### Collected material

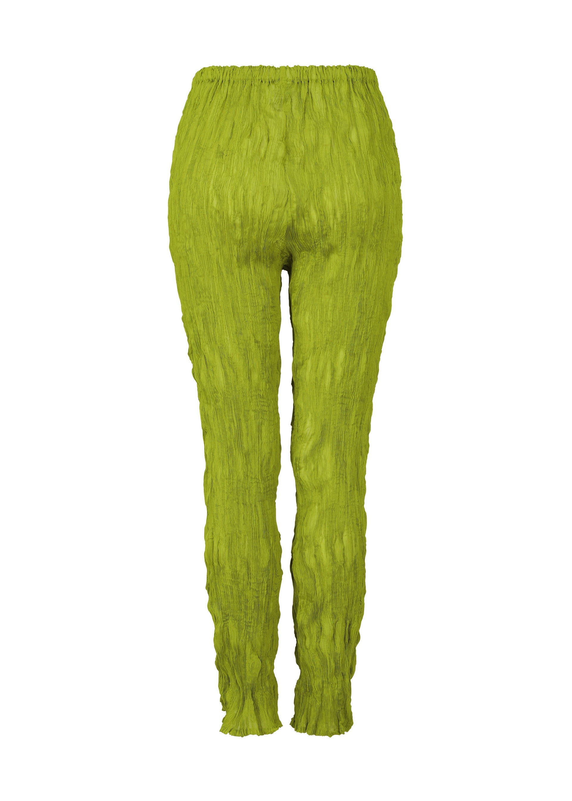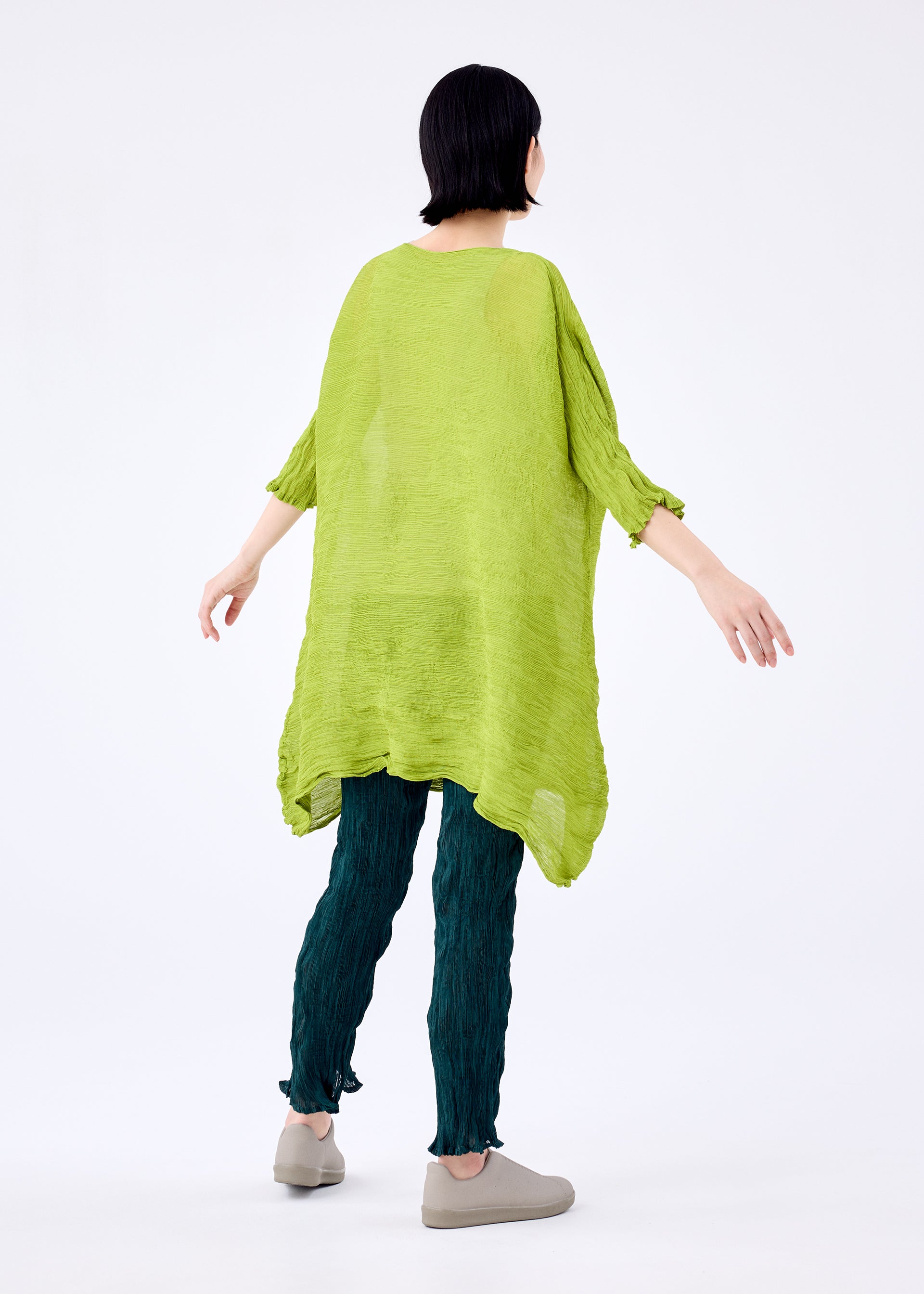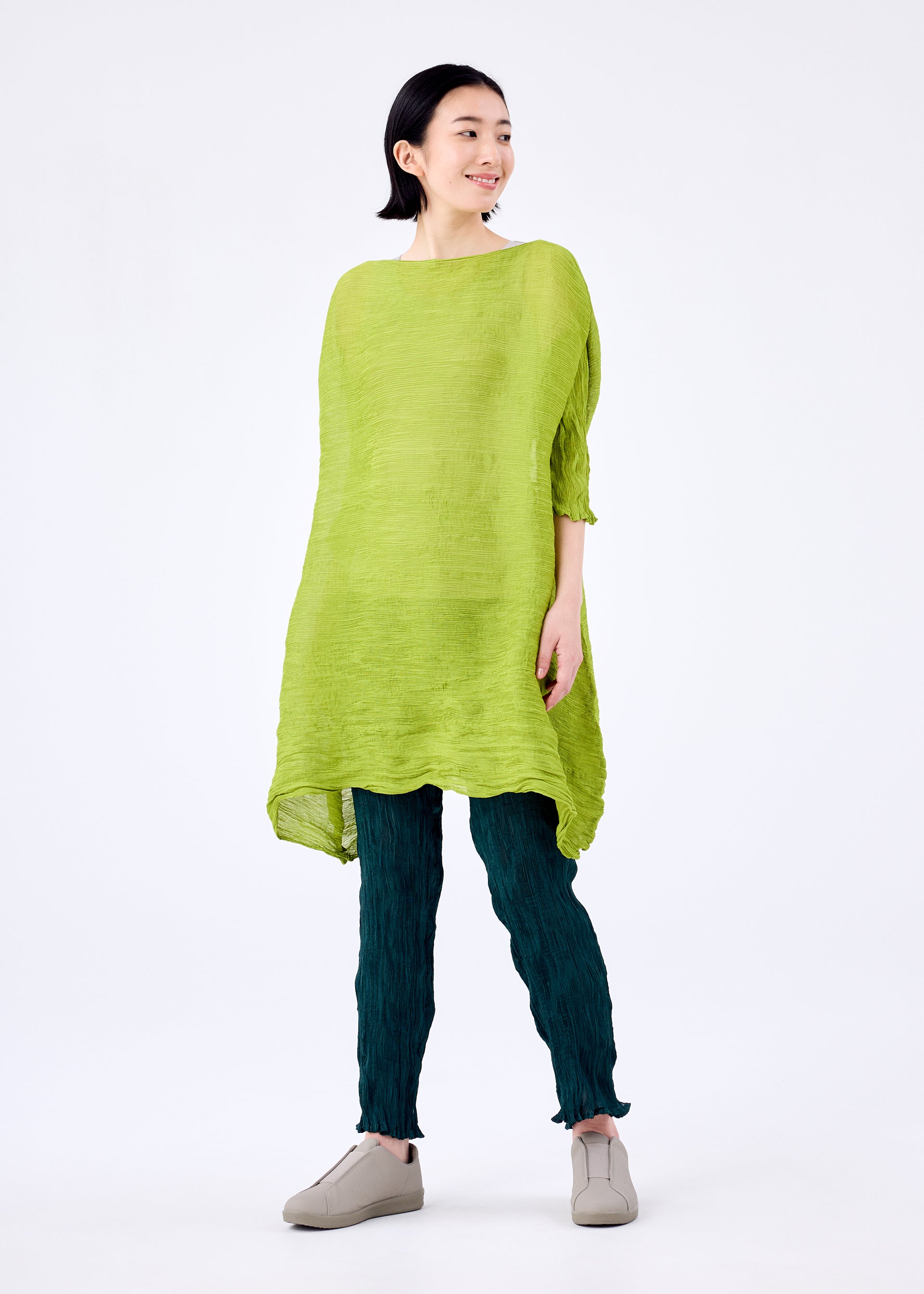 These SEE-THROUGH CREPE pants are made from product-dyed fabric that is woven using high-twist thread for the weft. The weft thread is twisted back during the dyeing process, which gives the fabric the unique look of crepe with vertical creases. The fabric undergoes the usual SEE-THROUGH CREPE production process and then twisting processing for a sleek silhouette. It is recommended to layer items from the same series to enjoy the gradation of colors.
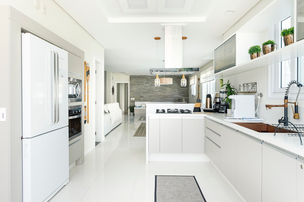 Tenha uma hospedagem mágica em uma ampla cobertura localizada na Rua Dante de Patta, 300 m da praia e do centrinho dos Ingleses, com garagem ampla (para dois carros "médios") e terraço. Próxima de todo tipo de comércio (mercado com padaria a 150m, restaurantes, bancos, farmácia...). Podendo ser feito tudo a pé. Além disso, dispomos de fechadura com teclado numérico para que seja possível o acesso ao apartamento através de senhas (self check-in).
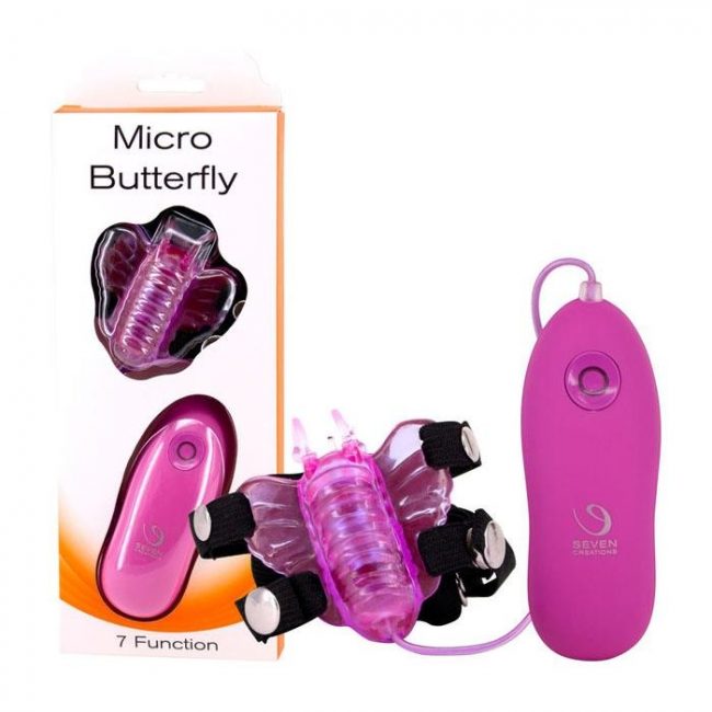 One of the best selling direct clitoral stimulators at Femplay! The Micro Purple Jelly Butterfly is a soft jelly polymer toy that is securely held against the clitoris by strong adjustable nylon elastic straps that wrap around the waist and thigh area. This ensures that the Butterfly sits squarely against your most sensitive spot on your body and delivers hands free pleasure at the flick of a switch. A small but intense bullet delivers quiet yet strong vibrations over the body of the butterfly and along the wings. The small antennae give little flutters against your mound and the textured body also rubs delightfully during use. As an alternative you can adjust it to sit slightly lower on your vagina to experience indirect stimulation for a different experience. Due to the elastic nylon straps that hold it in place, this toy can be worn under most clothing and you can be confident that the secure straps will not break as the elastic is riveted together. This ensures extra security whilst wearing the Micro Purple Jelly Butterfly. The small handheld battery casing holds two AA batteries and can be held in place by the elastic bands. The elastic bands are fully adjustable meaning this product will fit most without issue. As it is a smaller sized toy, this toy is popular to use in conjunction with other toys such as vibrators or can also be worn during sex and is especially popular for those that like to change positions frequently but also want direct clitoral stimulation. If your hands or your partner’s hands are getting tired during sex, or you want a cute but powerful toy, then the Micro Purple Jelly Butterfly is for you. The Micro Butterfly is a great wear and play toy that is available at Femplay. As one of our top selling direct clitoral stimulators, the Micro Butterfly has tiny antennae that tease and tickle with the added bonus of a tightly placed butterfly body to tantalize you all over. It is recommended that with this toy, you tighten the straps quite tightly during play, especially when walking/standing or flexing your leg muscles to ensure that the toy remains securely in the position that you want it in. With a light and easy to use hand held controller that is attached to the device – you can be assured that when you adjust the setting there will be an immediate response, right when you want it!

### Task item
Without including any pictures, reproduce the listing exactly.

### Response
 These SEE-THROUGH CREPE pants are made from product-dyed fabric that is woven using high-twist thread for the weft. The weft thread is twisted back during the dyeing process, which gives the fabric the unique look of crepe with vertical creases. The fabric undergoes the usual SEE-THROUGH CREPE production process and then twisting processing for a sleek silhouette. It is recommended to layer items from the same series to enjoy the gradation of colors.
 Tenha uma hospedagem mágica em uma ampla cobertura localizada na Rua Dante de Patta, 300 m da praia e do centrinho dos Ingleses, com garagem ampla (para dois carros "médios") e terraço. Próxima de todo tipo de comércio (mercado com padaria a 150m, restaurantes, bancos, farmácia...). Podendo ser feito tudo a pé. Além disso, dispomos de fechadura com teclado numérico para que seja possível o acesso ao apartamento através de senhas (self check-in).
 One of the best selling direct clitoral stimulators at Femplay! The Micro Purple Jelly Butterfly is a soft jelly polymer toy that is securely held against the clitoris by strong adjustable nylon elastic straps that wrap around the waist and thigh area. This ensures that the Butterfly sits squarely against your most sensitive spot on your body and delivers hands free pleasure at the flick of a switch. A small but intense bullet delivers quiet yet strong vibrations over the body of the butterfly and along the wings. The small antennae give little flutters against your mound and the textured body also rubs delightfully during use. As an alternative you can adjust it to sit slightly lower on your vagina to experience indirect stimulation for a different experience. Due to the elastic nylon straps that hold it in place, this toy can be worn under most clothing and you can be confident that the secure straps will not break as the elastic is riveted together. This ensures extra security whilst wearing the Micro Purple Jelly Butterfly. The small handheld battery casing holds two AA batteries and can be held in place by the elastic bands. The elastic bands are fully adjustable meaning this product will fit most without issue. As it is a smaller sized toy, this toy is popular to use in conjunction with other toys such as vibrators or can also be worn during sex and is especially popular for those that like to change positions frequently but also want direct clitoral stimulation. If your hands or your partner’s hands are getting tired during sex, or you want a cute but powerful toy, then the Micro Purple Jelly Butterfly is for you. The Micro Butterfly is a great wear and play toy that is available at Femplay. As one of our top selling direct clitoral stimulators, the Micro Butterfly has tiny antennae that tease and tickle with the added bonus of a tightly placed butterfly body to tantalize you all over. It is recommended that with this toy, you tighten the straps quite tightly during play, especially when walking/standing or flexing your leg muscles to ensure that the toy remains securely in the position that you want it in. With a light and easy to use hand held controller that is attached to the device – you can be assured that when you adjust the setting there will be an immediate response, right when you want it!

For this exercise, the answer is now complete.